Prefect: Terminating a flow (conditionally) without executing all tasks.

Created on 20 Oct 2020  路  5Comments  路  Source: PrefectHQ/prefect

Current behavior

If I have a Flow where in the middle of it it check for something (e.g. if a file exists).
If it exist -> stop the flow there and then with a success state.
If it does not -> proceed to execute the rest of the flow.

Currently this is not possible (to my knowledge). Discussed with @cicdw here: https://stackoverflow.com/questions/64208746/can-a-flow-be-terminated-if-a-specific-task-fails

Proposed behavior

Make it possible to stop a flow (before reaching all tasks) with some state based on some condition.

enhancement

Most helpful comment

Maps don't automatically propagate. In the above, you map over the input to create check_task, but then the remaining case calls aren't called on the individual results of the map, they're called on the total mapped result (the full list(map(check_task(input))), not the elements of it).

I think what you're looking for here is a way to map a set of tasks across a number of inputs, which is what apply_map is for.
See https://docs.prefect.io/core/concepts/mapping.html#complex-mapped-pipelines for more info.

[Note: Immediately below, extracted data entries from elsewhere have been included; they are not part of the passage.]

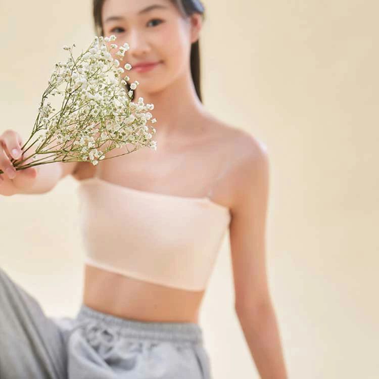 肌色 落ちない レディース ブラ スポーツウェア 透明 レッスン着 ストラップ 肩紐なし ダンス ノンワイヤー ストラップレス カップ付き
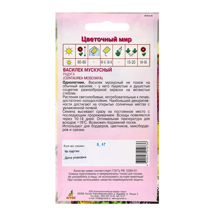 Семена Василек Мускусный Радуга 0.4г* — Характеристики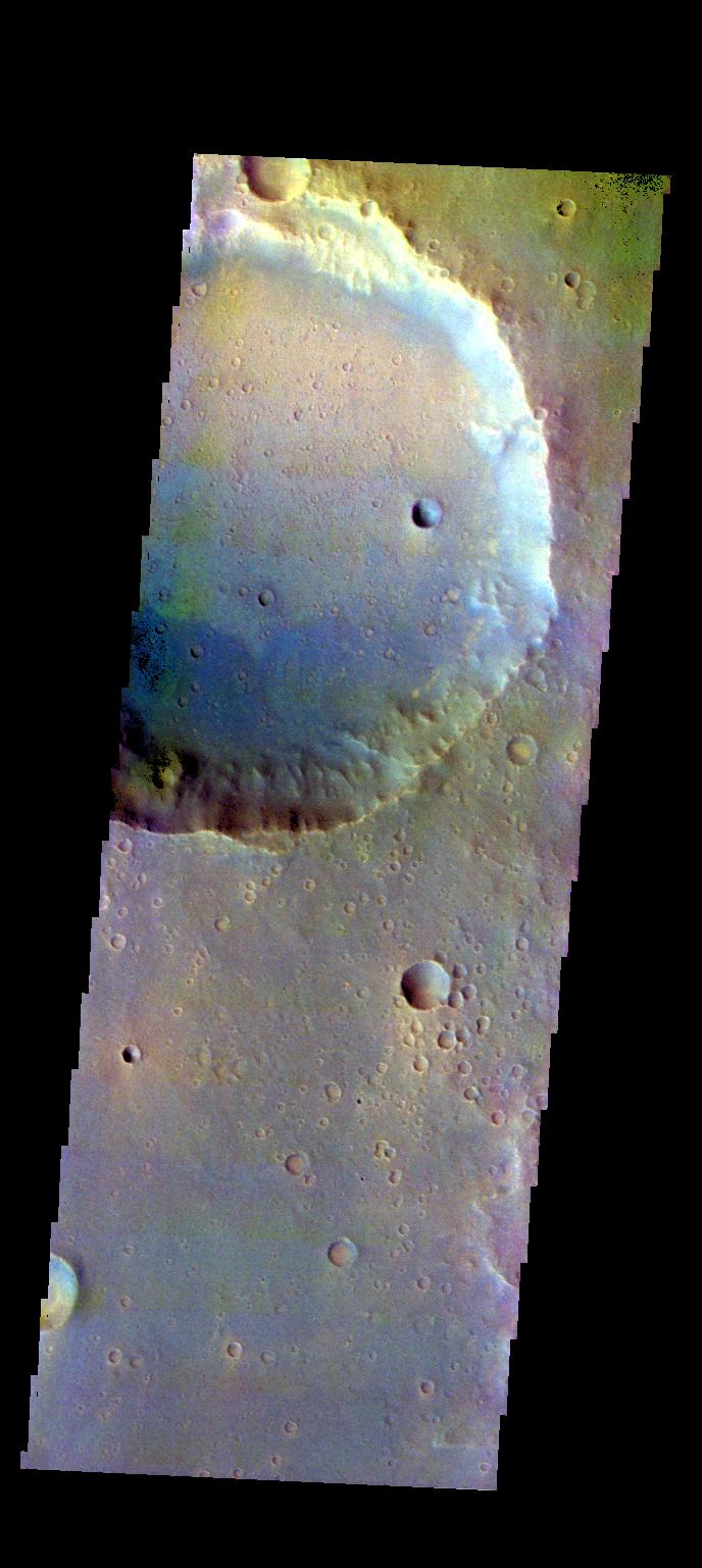 The THEMIS camera contains 5 filters. The data from different filters can be combined in multiple ways to create a false color image. These false color images may reveal subtle variations of the surface not easily identified in a single band image. Today's false color image shows part of Bamba Crater located in Xanthe Terra.

The following does what you're asking for I think:

import prefect
from prefect import task, Flow, Parameter, case, apply_map


@task
def check_task(input):
    if len(input) == 1:
        raise prefect.engine.signals.SKIP()
    else:
        return (1, 'a', 3)


@task
def main_task(input_result: tuple) -> tuple:
    logger = prefect.context.get("logger")
    logger.info('Starts the main_task')
    int_1 = input_result[0]
    int_2 = input_result[1]
    int_3 = input_result[2]
    logger.info(f'Inputs {int_1} {int_2} {int_3}')


@task
def is_tuple(x):
    return isinstance(x, tuple)


@task
def dummy_task():
    logger = prefect.context.get("logger")
    logger.info('This should not print with the main_task.')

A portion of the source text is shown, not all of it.